AI is undergoing a paradigm shift with the rise of models (e.g., BERT, DALL-E, GPT-3) that are trained on broad data at scale and are adaptable to a wide range of downstream tasks. We call these models foundation models to underscore their critically central yet incomplete character. This report provides a thorough account of the opportunities and risks of foundation models, ranging from their capabilities (e.g., language, vision, robotics, reasoning, human interaction) and technical principles(e.g., model architectures, training procedures, data, systems, security, evaluation, theory) to their applications (e.g., law, healthcare, education) and societal impact (e.g., inequity, misuse, economic and environmental impact, legal and ethical considerations). Though foundation models are based on standard deep learning and transfer learning, their scale results in new emergent capabilities,and their effectiveness across so many tasks incentivizes homogenization. Homogenization provides powerful leverage but demands caution, as the defects of the foundation model are inherited by all the adapted models downstream.
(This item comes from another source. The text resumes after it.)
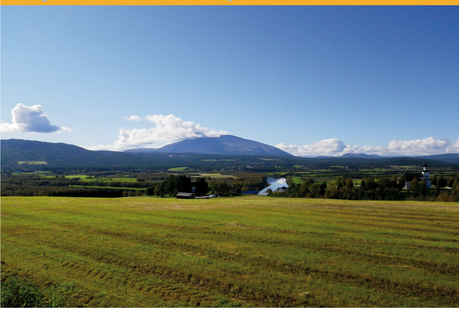
Mt. Tron seen from Tynset on a beautiful autumn day, September 10th 2011 at 10:25 hrs. Tynset Church is seen to the right.

September 2011 * Mt.Tron University of Peace Foundation * No. 3 Vol. 14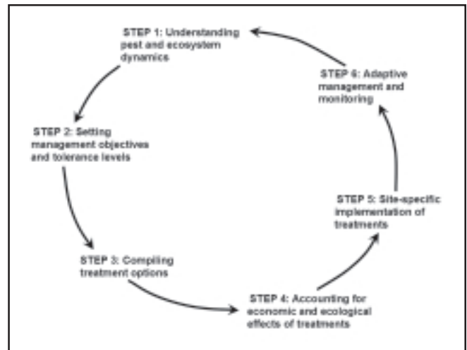
Figure 1. Component steps of Integrated Vegetation Management, a system for managing rights-of-way vegetation (adapted from Nowak and Ballard 2001, and Nowak 2002, from Witter and Stoyenoff 1996).

We have found our IVM system to be useful in organizing research programs on pipeline, roadside, and electric transmission ROWs. Through interacting with various ROW vegetation managers over the past few years, we have

Despite the impending widespread deployment of foundation models, we currently lack a clear understanding of how they work, when they fail, and what they are even capable of due to their emergent properties. To tackle these questions, we believe much of the critical research on foundation models will require deep interdisciplinary collaboration commensurate with their fundamentally sociotechnical nature.